Schon damals schlug Winsen zurück: Ein im Dorf Robin Hood genannter Unbekannter versetzte das Verkehrszeichen immer wieder an den Platz, den die Winsener für ihren Ortseingang halten. Dort stand das Schild seit 1959 und bedeutete den Autofahrern, die Geschwindigkeit zu drosseln. Michael Krüger blieb aber hart und ließ das Schild ein ums andere Mal an seinen neuen Platz zurückbringen. Mittlerweile hat Robin Hood offenbar aufgegeben, und die Winsener haben formal Einspruch gegen die Versetzung des Ortsschildes eingelegt.

Der Grund für die Winsener Proteste ist die Sicherheit. Für besonders gefährdet halten die Anwohner Kinder, die morgens aus der Stichstraße Zum Felde in Richtung Schule aufbrechen und dabei direkt auf die Hauptstraße zufahren, an der die Autos nun mit maximal 70 km/h statt der innerorts vorgeschriebenen 50 km/h vorbei rauschen dürfen. „Im Endeffekt fahren sie aber eher 85 km/h“, beklagt sich Gemeindevertreterin Imke Busse. Auch Tochter Franca Busse, 11, und Freundin Lotta Thies, 11, beklagen sich: „Die Autos fahren zu schnell.“

Selbst Landrätin Jutta Hartwieg hat sich mittlerweile in den Streit eingeschaltet und den Winsenern die Hoffnung auf eine Rücknahme der Entscheidung genommen. Konkret geht es um die Häuser und Grundstücke, die an die Hauptstraße grenzen und nach Meinung der Verkehrsaufsicht nicht als geschlossene Bebauung gelten. „Eine geschlossene Bebauung definiert sich dadurch, dass die Bebauung auch zur entsprechenden Straße erschlossen ist“, sagt Michael Krüger.
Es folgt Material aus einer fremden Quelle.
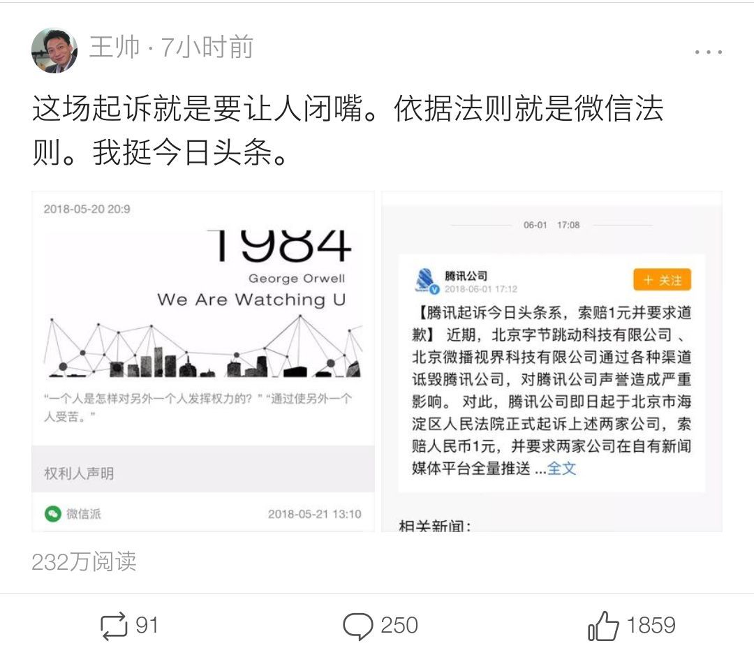 “我挺今日头条。”一石激起“阿里浪”,阿里巴巴集团市场公关委员会主席王帅通过社交媒体表示:“这场起诉就是要让人闭嘴。依据法则就是微信法则。我挺今日头条。”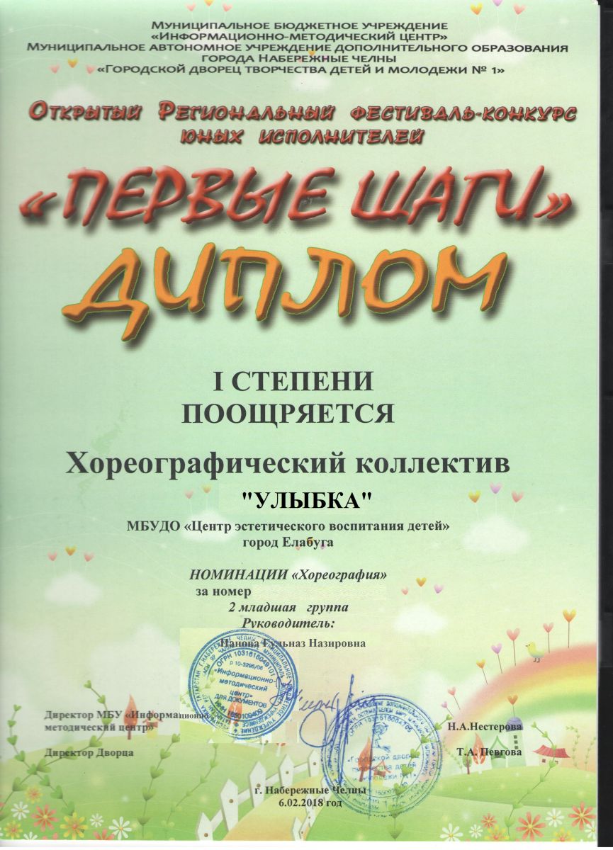 8.Фестиваль - конкурс "Первые шаги" - Хореографический коллектив «Улыбка» - Хореография - Диплом I степени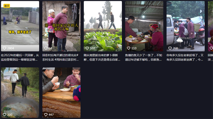 这个短视频的成功不仅给了陈晨信心,也激发了他创作的热情。自那之后,他运用自己在学校学到的专业知识,独立策划、拍摄,十天内发布了8条作品。在他的短视频里,记录了家乡生活,与家乡父母、朋友辛勤劳作、嬉戏打闹的场景。如今,他的短视频账号已经收获了将近三百个粉丝、四千多点赞。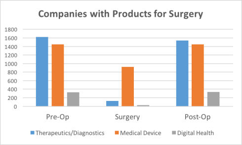 When we look at these new products that entrepreneurs are showcasing at RESI, we see that they run the gamut from iterative (100 million + in market potential), to breakthrough (one billion +) to transformative (one trillion +). The LSN Company Platform additionally collates information on tens of thousands of life science companies around the world. As an example, we used the Company Platform to search for companies with products for surgery, and this is what we found: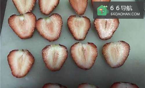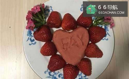 6草莓洗净,一切为二,装饰在盘子上,同样摆成心形。

Im Klartext: Die Grundstückausfahrten müssten seiner Auslegung nach an der Hauptstraße und nicht an der kleinen Stichstraße zum Feld liegen.

Ob die Anwohner zumindest die selbst gebastelten Ortsschilder in ihren Gärten stehen lassen dürfen, entscheidet sich voraussichtlich in der kommenden Woche. Dann möchte Michael Krüger die Situation vor Ort genau prüfen lassen. Wenn er zu dem Ergebnis kommt, dass trotz der liebevollen Bastelarbeit eine Verwechslungsgefahr besteht, würde er die Anwohner anweisen, die Schilder zu entfernen. „Und wenn das nicht passiert, dann machen wir es selber“, so Krüger.

Imke Busse versteht die ganze Aufregung nicht. „In welche Irre kann das Schild schon führen? Schlimmstenfalls bremst ein Autofahrer schon 150 Meter weiter vorne auf 50 km/h ab. Was für eine schlimme Vorstellung“, sagt sie sarkastisch.

Ein Gutes hat der groteske Streit aber: „Das Dorfklima ist so gut wie nie zuvor. Wir stehen alle eng zusammen“, sagt Busse. Aufgeben wollen die Winsener noch lange nicht.